When liberals abandon liberal principles, we lose one of the most important brakes on expanding central power. As we can see already in California and other places, decisions on virtually everything about how we live – from transportation, to housing and, most particularly, how we generate energy – are increasingly being made not by our elected representatives but through the administrative bureaucracy. The notion of “checks and balances,” of getting buy-in from the opposition and dissenters in your own party, means little to those who have found the “truth” and are determined to impose it on everyone else.

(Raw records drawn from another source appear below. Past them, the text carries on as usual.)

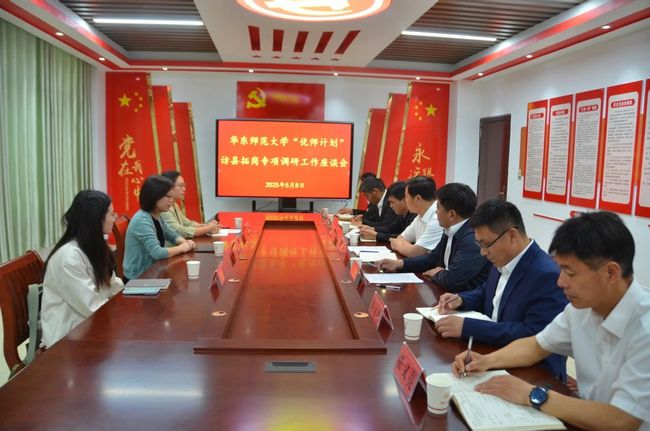 虞城县第一高级中学党委书记余坤向华东师大一行介绍学校发展情况,他指出,学校秉持“立德树人、全面发展”的教育理念,注重教学质量提升与学生个性化培养,近年来,学校在高考成绩、学科竞赛、素质教育等方面成果显著。在河南省2025届公费师范生优师计划毕业生双选会上,已有5名来自我校的“优师计划”优秀毕业生与该校签署就业意向协议,为学校教师队伍增添了新生力量。陈富磊对虞城县教育发展情况进行了介绍,并表达了未来与啪啪啦 深化合作、推动教育发展的意向。徐燕婷教授就我校在河南省的“优师计划”招生政策、实习和就业落实情况做报告。张潇萌就我校总体情况和在豫招生政策做介绍。双方围绕建立师范生实习基地、推进2026届优师计划毕业生就业等议题开展讨论。
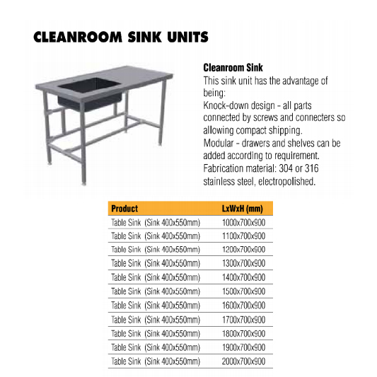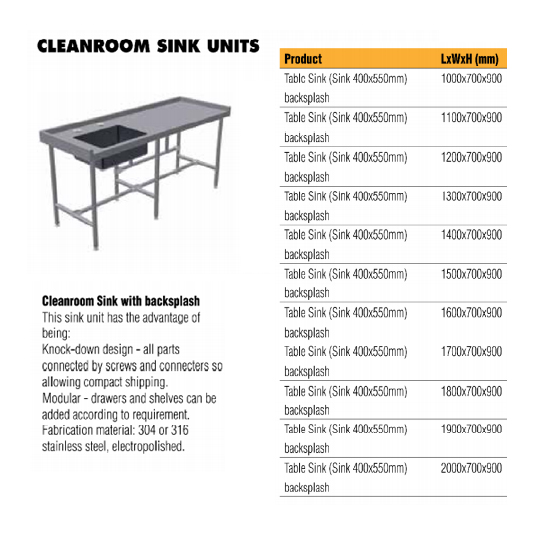 בית » ציוד ומכשור מעבדתי » שולחן כיור עם וללא דפנות
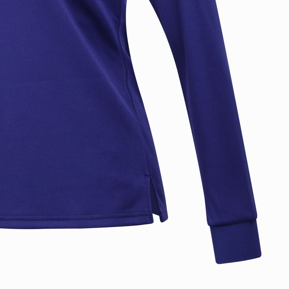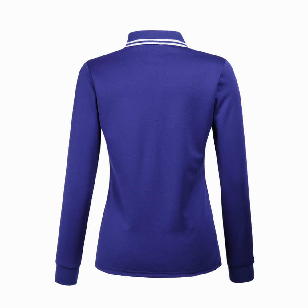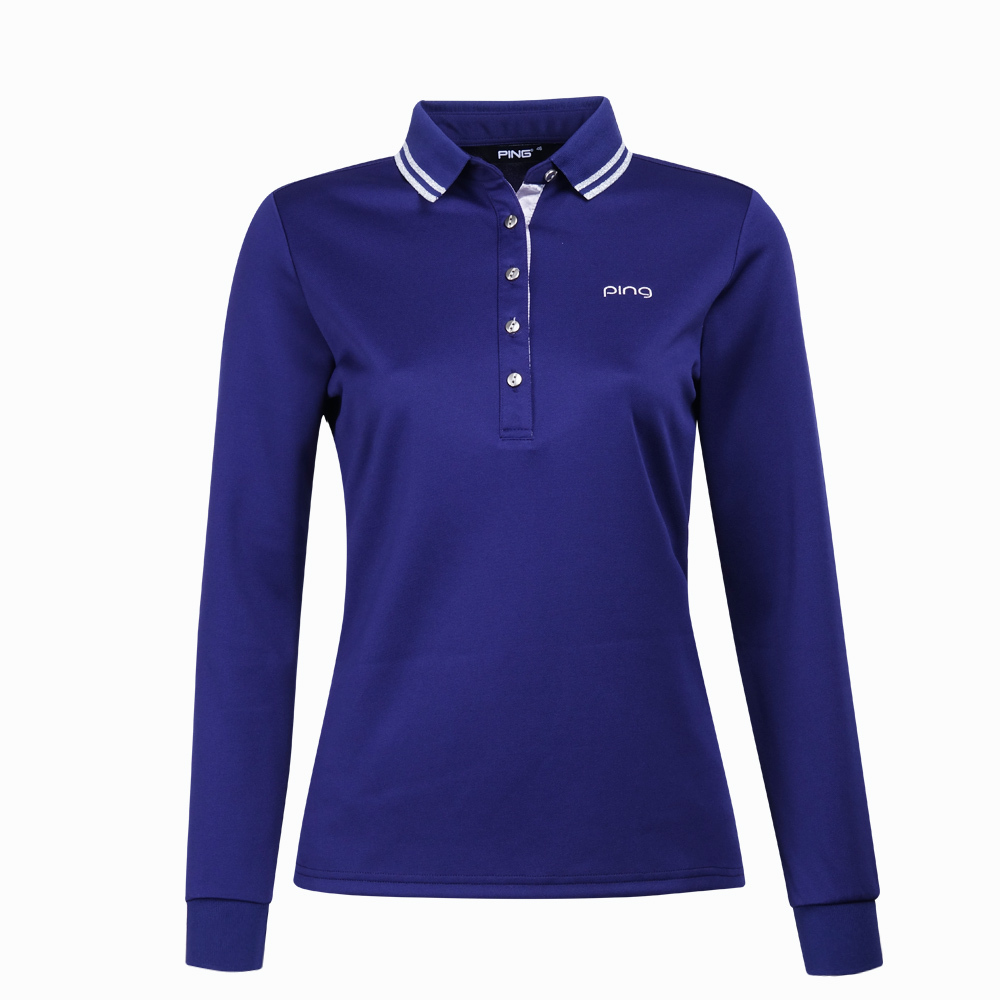 【PING】女款條紋領素面吸濕排汗薄長袖POLO衫-藍 / RA23290-56

In some ways, Mussolini, executed by his fellow Italians in 1945, may have been more prescient than his enduring image as a posturing buffoon might suggest. In 1934, Mussolini noted that “as civilization becomes more and more complex, individual freedom is more and more restricted.”This was clearly true in the industrial era, but may also characterize our current transition to a post-industrial, information economy.

This view diverges from the popular wisdom that information technology is inherently liberating. The visionary MIT analyst Nicholas Negroponte maintained that “digital technology” could turn into “a natural force drawing people into greater world harmony.”

It turns out that technology is not liberating by itself and can be corralled just as easily for authoritarian purposes. The media’s emphasis on young people posting on Facebook in places like Egypt, Iran and Russia gave us a false impression of how those societies operate. Governmental suppression and organized violence subsequently proved more powerful than digital technology. Smartphones, the Internet and the increasing reach of information technology are not sufficient to spawn conditions for pluralistic democracy. As anyone who spends time in China can attest, great things can be achieved without fundamental individual freedom.

The sad truth is that we may be entering an era where classical liberalism – market capitalism, freedom of speech and safety from government intrusion – may be somewhat in retreat. As during most of world history, pluralistic democracy remains a fragile achievement that thrives only in a relative handful of places. For that reason, we need – more than ever – to cherish it.